Actrice

Elle prenait des leçons de diction.
Elle apprenait à faire la moue.
Elle apposait une mouche sur sa joue.
Elle posait parfois nue, parfois la jupe blanche, volante, découvrant ses jambes sur une grille d’aération.
Elle s’apprêtait, la coiffure blonde, les lèvres rouges et brillantes, la peau blanche.
Elle prêtait à sa beauté une naïveté, une indolence, une insolence même.
Elle se mariait selon les convenances, selon son intelligence.
Elle se séparait meurtrie, abandonnée, avec la peur d’être folle, avec la colère d’être seule mais à nouveau frivole.
Pourquoi ne s’était-on intéressé qu’à ses jambes, qu’à sa plastique qui faisait fantasmer une ribambelle de personnalités, des célébrités ou non.
Sa loge était envahie de fleurs, de roses, à chaque fois qu’elle venait se mettre en scène.
Elle aimait à dire qu’elle ne dormait qu’avec quelques gouttes d’une eau de toilette.
Elle aimait provoquer en jouant les petites ingénues.
Ses amies travesties la trouvaient un peu cruche, toujours à se faire attendre. Elle pensait à raison que l’attente la faisait désirer.

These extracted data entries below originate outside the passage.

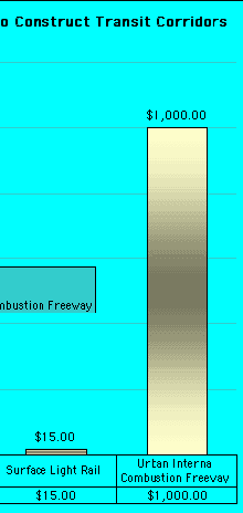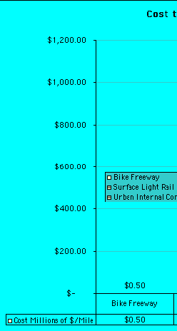 Estimated cost to construct one mile of bike freeway, light rail, and internal combustion freeway (in millions of dollars)
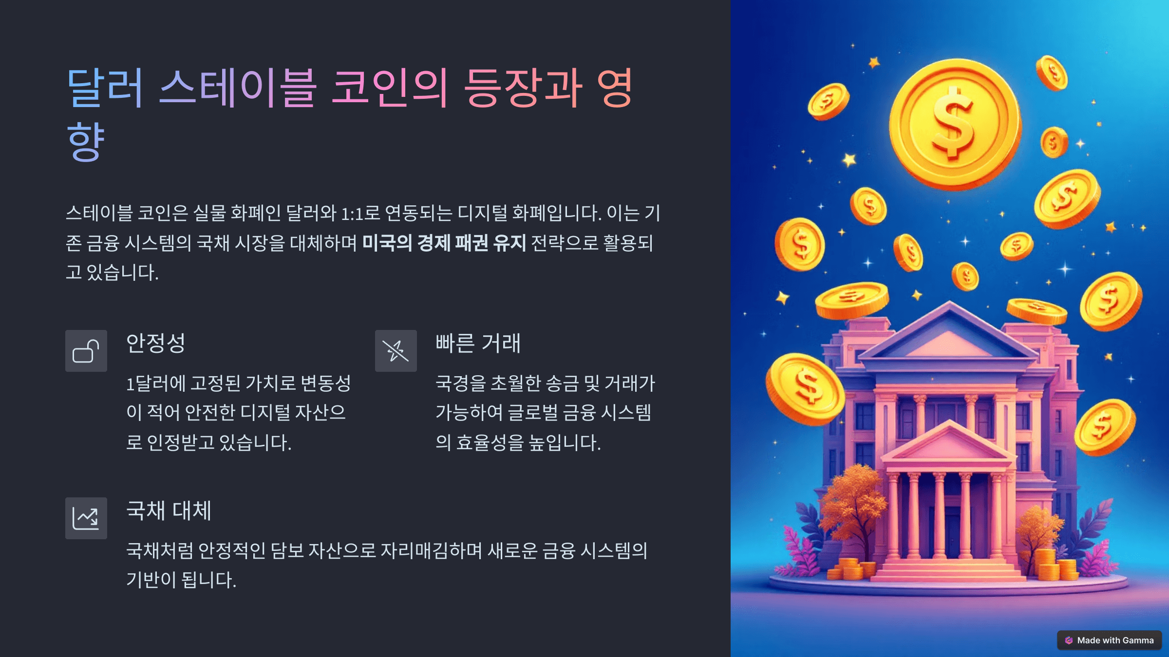 2025년을 기점으로 달러 스테이블 코인이 기존 금융 시스템에 강력한 영향을 미칠 것으로 보입니다. 스테이블 코인은 실물 화폐인 달러와 1:1로 연동되는 디지털 화폐입니다. 이는 기존 금융 시스템의 국채 시장을 대체하며 미국의 경제 패권 유지 전략으로 활용되고 있습니다.
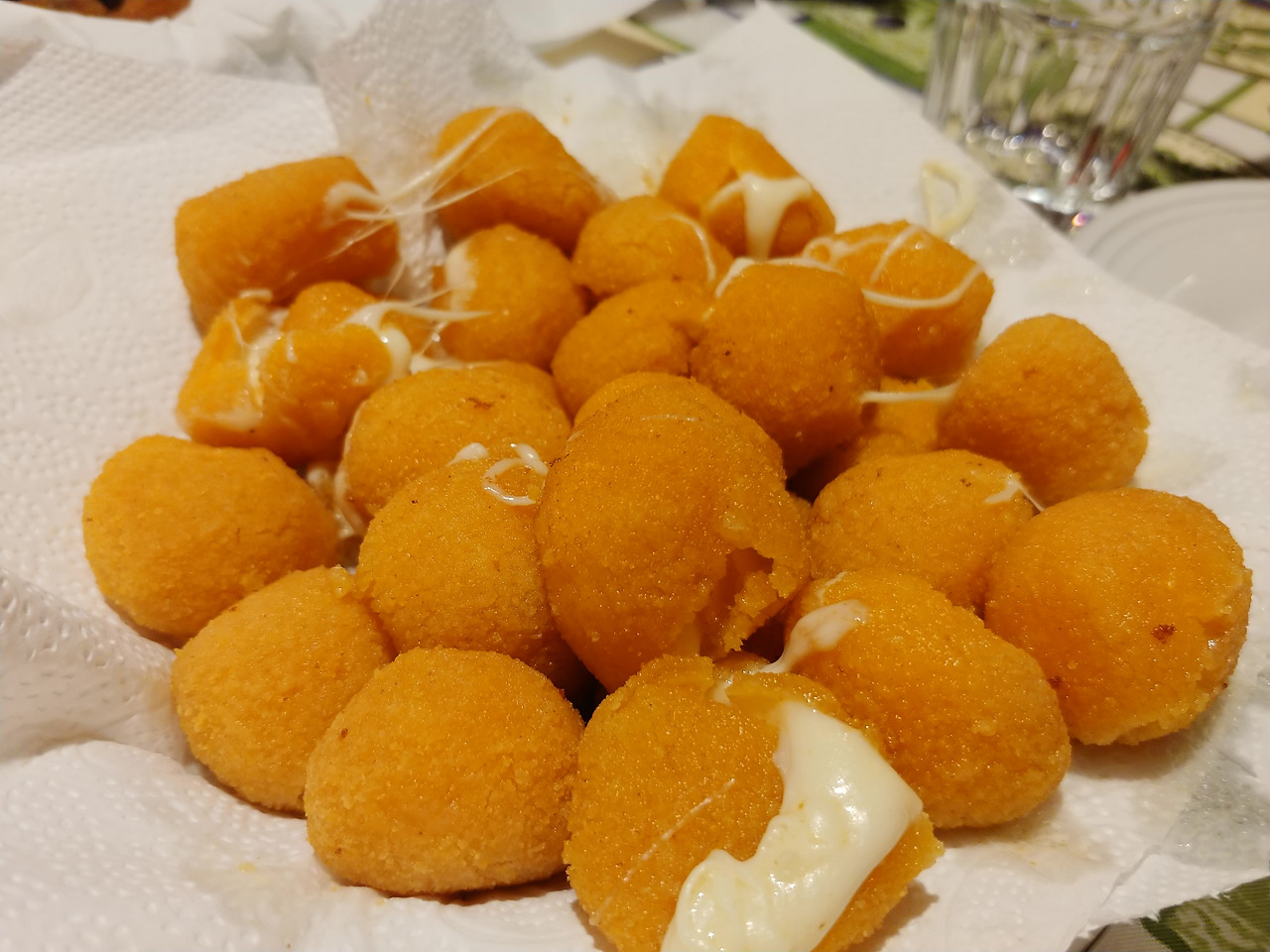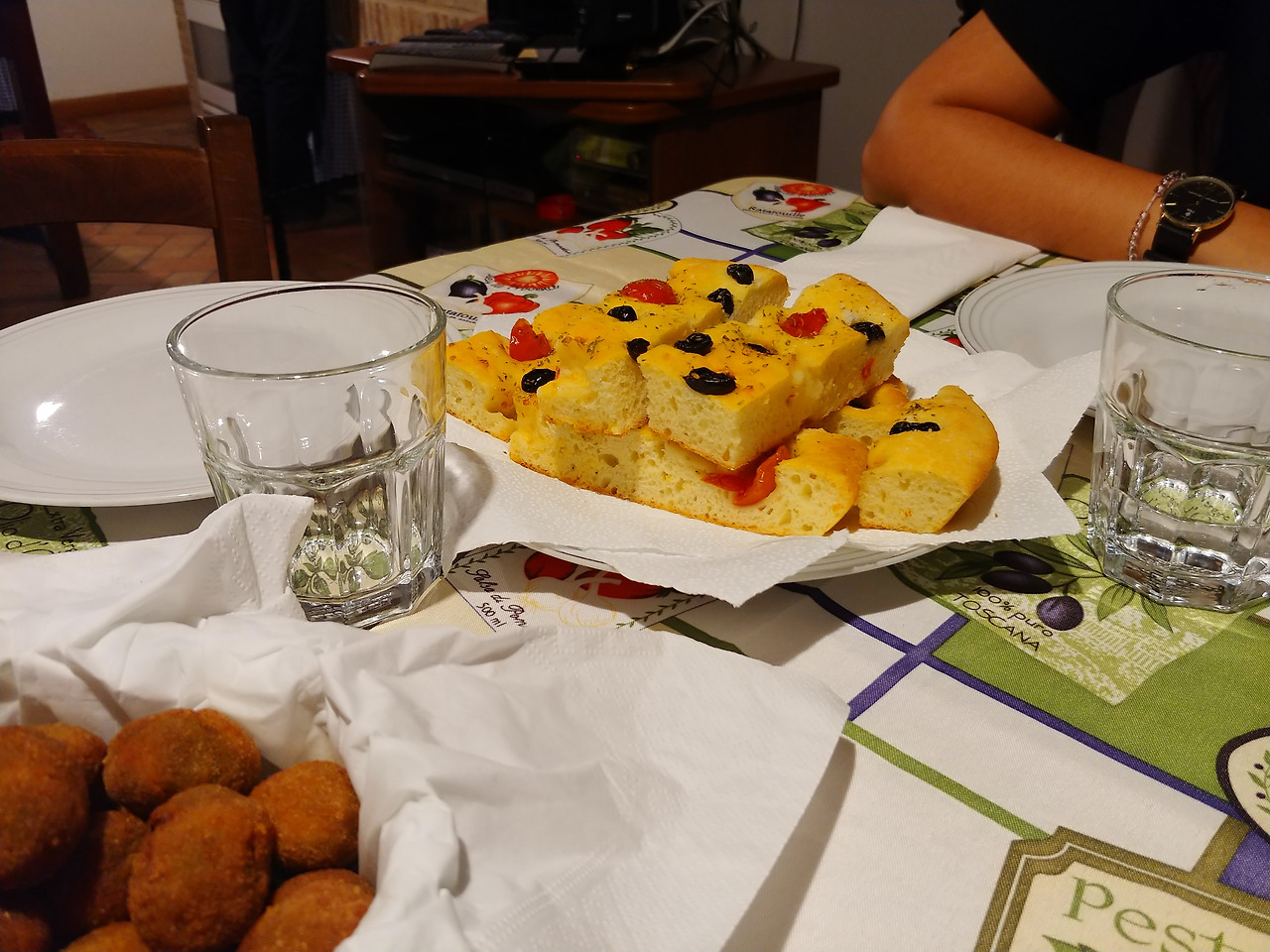 집에 돌아갔을 때 부모님께서는 부엌에서 음식을 만들고 상을 차리신다고 분주하셨다. 부엌에 있는 화덕에 불을 땠는지 집이 따뜻했다. 우리가 아페테리프를 마시고 있을 동안 아버지께서 화덕에서 갓 구운 피자를 꺼내 주셨다. 곧이어 어머니의 요리가 나오고 감자, 모짜렐라, 올리브, 햄, 아티초크 등 갖가지 재료들이 들어간 모둠 튀김을 먹느라 우리는 부지런히 포크를 움직였다.

En fait, elle ne faisait que se préparer, travailler avec sa répétitrice pour donner la bonne intention, la bonne intensité à la bonne réplique. Elle était princesse, reine et même déesse. Ses rencontres avec les amours de sa vie ont été malencontreuses. Elle aurait voulu l’écrire, elle aurait voulu le crier mais il fallait qu’elle continue à faire la belle. C’était son image, ce qu’on attendait d’elle.
Elle venait tard pour chanter, jouer, exprimer sa singularité. Elle portait des robes si proches de ses formes voluptueuses qu’on les croyait cousues sur elle.
Elle était l’auteure de sa vie, une vie tumultueuse, une vie rêvée, une vie qui fait encore couler beaucoup d’encre car sa mort, dans une nuit chaude et moite, reste encore mystérieuse.